Learning how to relate in effective ways is a skill every professional needs to master. Because it’s not who you know, but how you relate that counts. How do you relate?
When I started my first business at the tender age of twenty-one I learned pretty quickly that I wasn’t very good at relating professionally. I was good at the friend stuff, but when it came to relating with employees, vendors, prospects and customers — I sucked.
I remember losing a very lucrative opportunity because I didn’t understand and could not relate with my prospect. He was an older gentlemen with a formal demeanor and staunch views about the way life, and business worked. I was loose, wide open and my views about life and business were unformed and all over the place.
Truth is, I just wanted to get and do the work, so I could get paid and fund my annual white water rafting trip. And that was the real problem, I was focused almost exclusively on myself, my needs, and my goals.
Unfortunately, that’s a trap most less successful professionals fall into and it’s a tough one to climb out of because it’s a psychological trap built by living beyond a persons means, and taking on more responsibility than their current level of character can effectively manage.
The only way to escape is to shift focus from self needs to meeting the needs of others.
That’s really the only lesson you need to learn to become outrageously successful.
What are peoples real needs?
The only thing you really need to know is that 100% of humans don’t feel understood or listened to, and because they don’t feel understood, they often feel isolated, skeptical, insecure and fearful.
Which means our greatest need as humans, and as men is to feel understood.
If you don’t know how to meet that need first you will struggle to find clients who will let you meet their other needs.
If you will learn how to fill these needs you will become a very effective relationship builder and an even more successful professional.
How Being Relatable Enhances Likability
Here are 7 ways to master relating effectively
- Practice clear communication. Muddy communication or mutual mystification is the enemy of effective relating. Do everything you can to learn what is likely to happen upstream, midstream and downstream and talk about it upfront so everyone knows what to expect when it happens.

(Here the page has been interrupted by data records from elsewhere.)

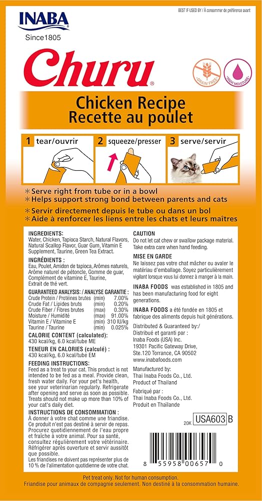 These lickable treats for cats are made with real, deep sea tuna. Churu Purées are high in moisture felines need for health. Simply tear open a tube and give it a little squeeze to feed these grain-free, preservative-free treats by hand. You can also pour them into a bowl or use as a tasty topper on wet or dry food. No grains, no preservatives, no artificial flavors or colors. Creamy texture and savory flavor cats love.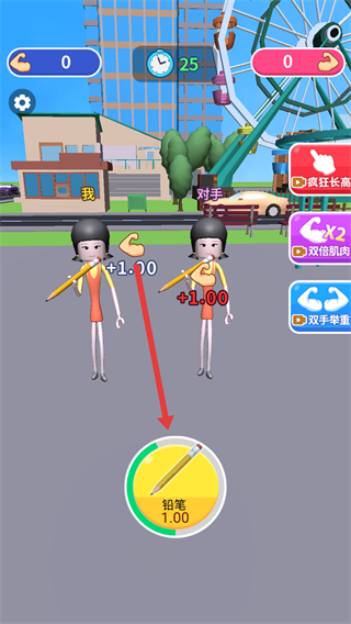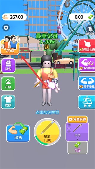 3、对战过程中点击底部的举重道具,快速积累肌肉数值,提升自身对战进度。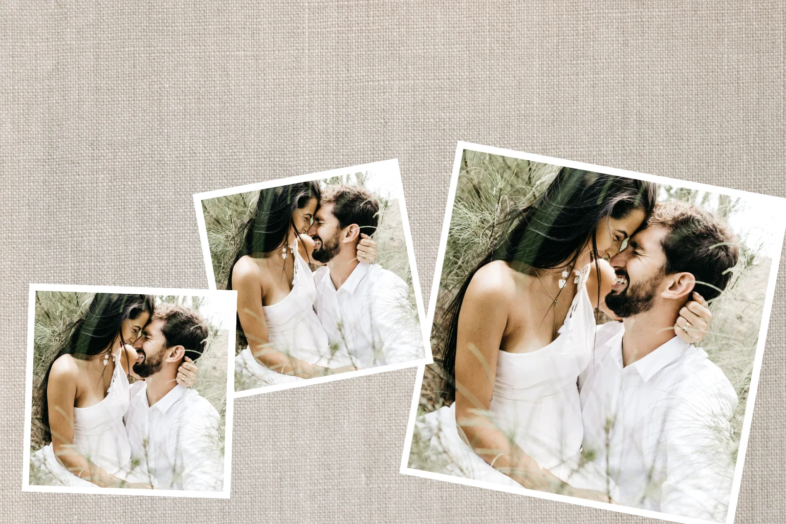 Hochzeit-Dankeskarte mit Fotos und Leinenlook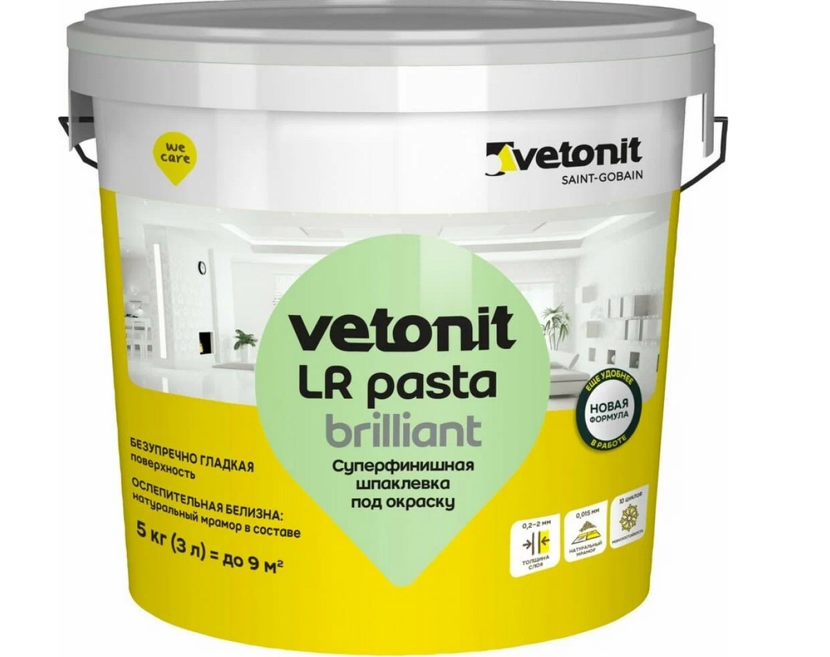 - Шпаклевка vetonit LR Pasta brilliant не является водостойкой и она непригодна для выравнивания полов или оснований под облицовку плиткой.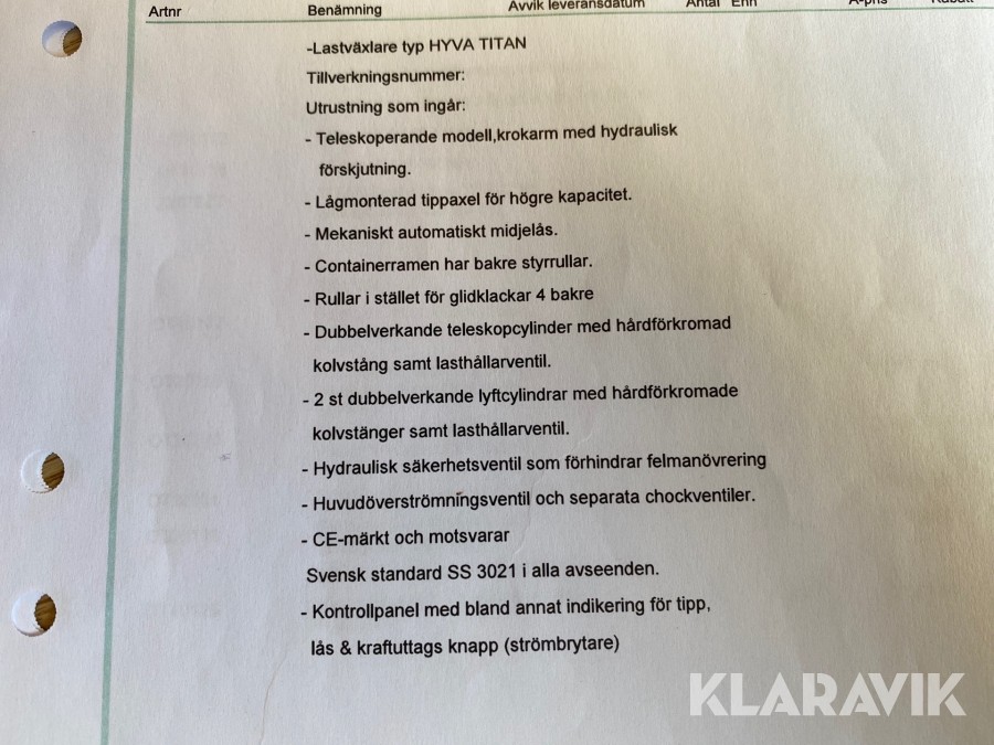 Lastväxlare Hyva Titan 20.57.SZ

- Inspire and encourage others. The best advice you can give to someone is the encouragement and inspiration they need to reach higher and further. Remember what Maya Angelou says, “people will forget what you said, people will forget what you did, but people will never forget how you made them feel.”
- Ask great questions. Learn how to ask the kinds of questions that compliment a persons thinking so that they discover the answers they’ve been seeking. They might not know why, but they will take you into their confidence and recommend, refer and promote you to everyone they know.
- Follow Through. Do what you say you are going to do. If you don’t think you can follow through then get really good at saying no so you don’t get trapped in a situation you can’t deliver on.
- Refuse to gossip or murmur. Nothing will sour a relationship quicker than gossip. What do you really think about someone who gossips all the time? If you’re honest you’ll admit that you wonder what that gossiper says about you when you aren’t around.
- Let the other person be right. Life beats us down at every turn. When you let the other person be right you’ve helped them feel good. And as point two suggests, people remember how you made them feel.
- Accept responsibility.
No one is perfect. We all screw up and mess up. When you do be quick to fess up and follow up with the appropriate action to correct it.
Question: What are some other ways to master relating effectively?